I didn't know her. She wasn't my real mother. But something inside me shattered at that moment. Tears streamed down my face, my cries filling the room again.
"Damn it," I thought bitterly. "I'm going to have to grow up without a mother. Again."
The staff around me exchanged glances, their expressions somber. Even the nurse holding me seemed to cradle me closer, as if to offer some small comfort.
"She knew this might happen," one of the doctors said, their voice tinged with guilt. "We told her she was too weak to deliver…"
"But she didn't care," another added. "She said she didn't care if it killed her. She wanted to meet her baby."

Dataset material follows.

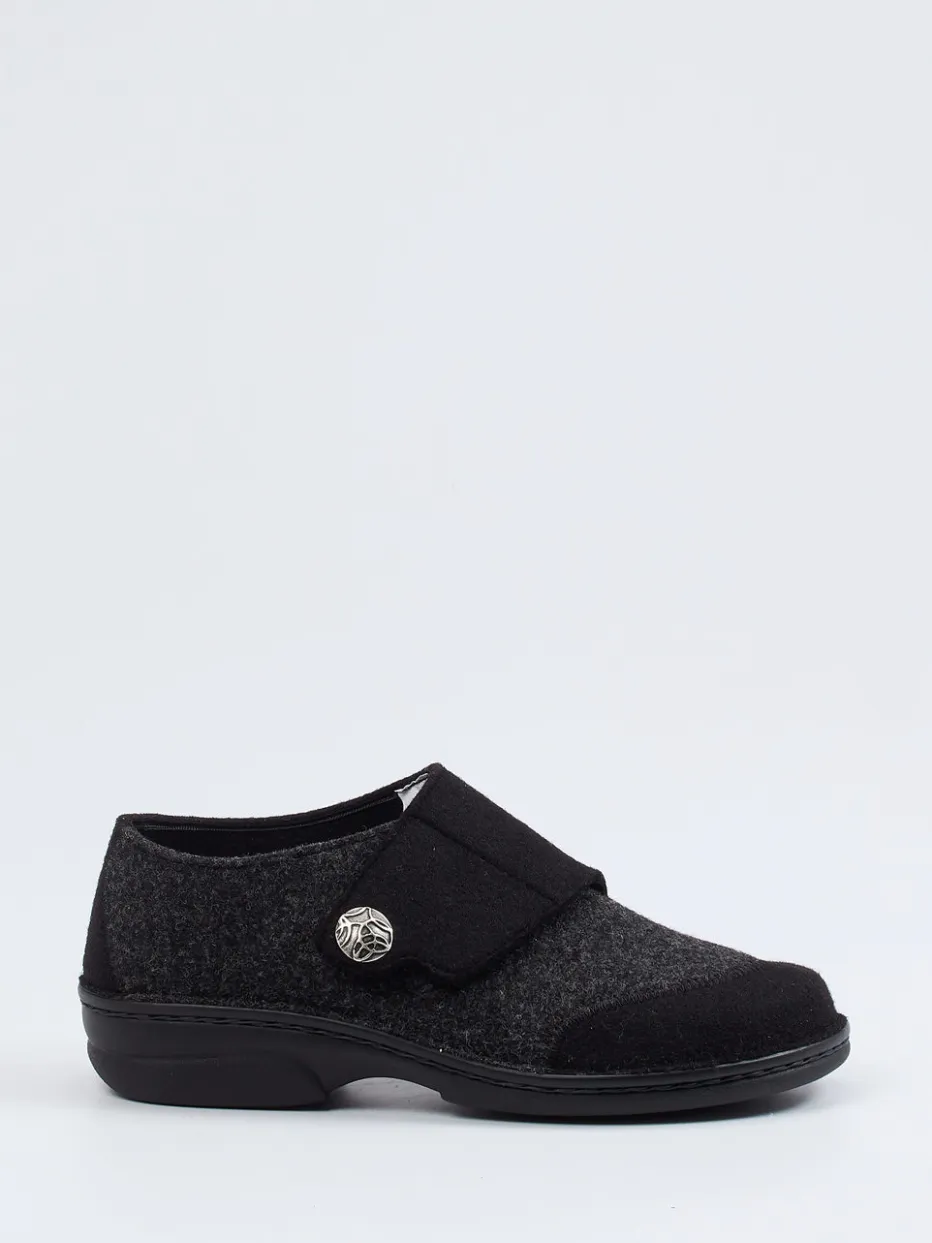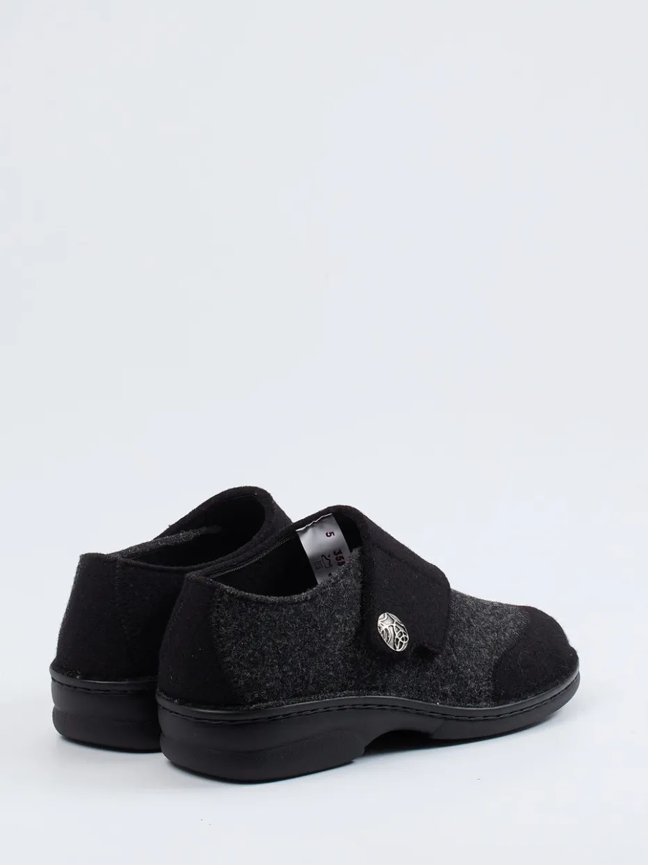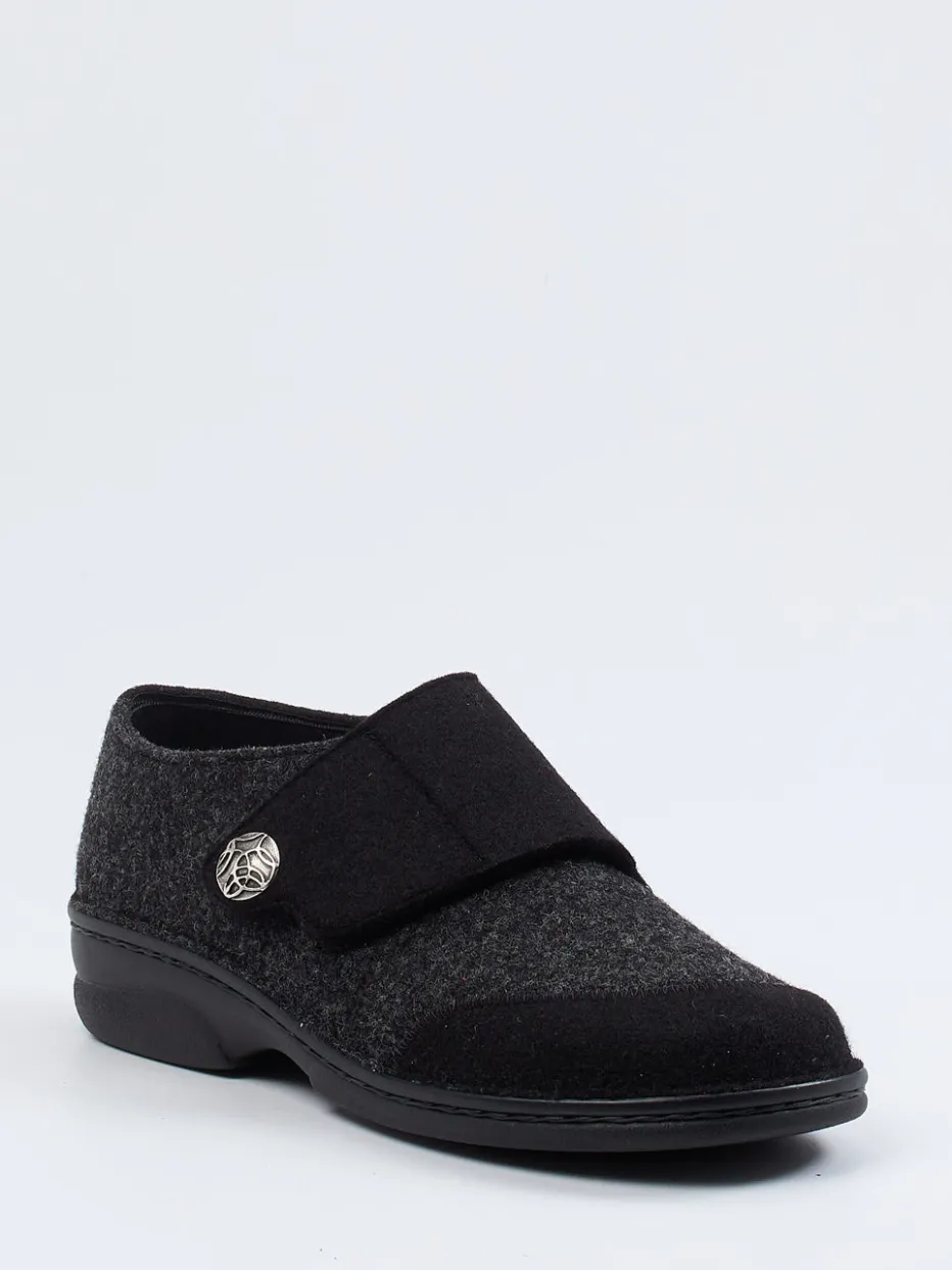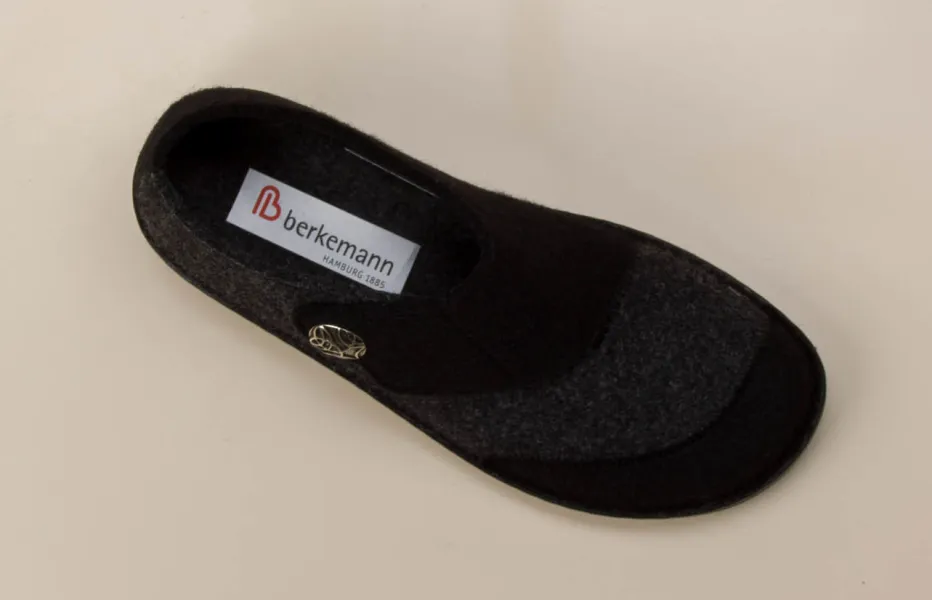 Wohlfühl-Design mit funktionalem Detail.Der Damen-Hausschuh von Berkemann verbindet Komfort und dezente Eleganz. Ideal für entspannte Stunden zu Hause: Das Modell aus warmer Wolle zeigt sich in Anthrazitgrau mit schwarzem Akzent und punktet mit einer klaren, rund geschlossenen Form. Der breite Klettverschluss ermöglicht einen bequemen Einstieg, unterstützt durch den dekorativen Metallknopf mit floraler Prägung. Ergonomische Gummisohlen mit leichter Rutschhemmung bieten sicheres Gehen auf glatten Böden. Visuell minimalistisch gehalten, greift der Schuh aktuelle „Quiet Luxury“-Tendenzen auf. Pflegeleichte Funktionalität trifft auf stilvolle Zurückhaltung – typisch Berkemann.

"She was smiling," one of the nurses whispered, her voice trembling. "Even at the end, she was smiling."
The weight of their words pressed down on me. I didn't know this woman—my mother—but she had died for me. She had given up everything just to bring me into this world. And I felt… nothing. No sadness, no connection. Only the faint echo of guilt for not feeling more.
I was placed in an incubator, the sterile environment surrounding me in a cocoon of glass and warmth. My cries had stopped, replaced by a heavy silence as I tried to process everything.
"Congratulations, Host. You have awakened the Tyrant System."
The words appeared again, glowing faintly in my mind. They were clear and calm, a stark contrast to the chaos I'd just witnessed.
"Great timing," I thought sarcastically.
The system didn't respond to my tone. Instead, it displayed more text:
System functions locked until Host's fifth birthday. Please grow and adapt.
"Five years? Are you kidding me? What am I supposed to do until then? Chew on rattles and cry for milk?"
No response. The system was silent, as if mocking me with its indifference. I let out a mental sigh, exhaustion finally catching up to me.
"Fine," I thought. "I'll deal with you later."
As my tiny body gave in to sleep, my last thoughts were of the woman who had given her life for me.
The next five years wouldn't be easy. But if this was my second chance, I wasn't going to waste it.
And so, Derek Carter—now Allen Walker—began his new life. The first five years passed in a blur of growth and preparation, his thoughts always lingering on the future.
But the story truly began on the day of his fifth birthday.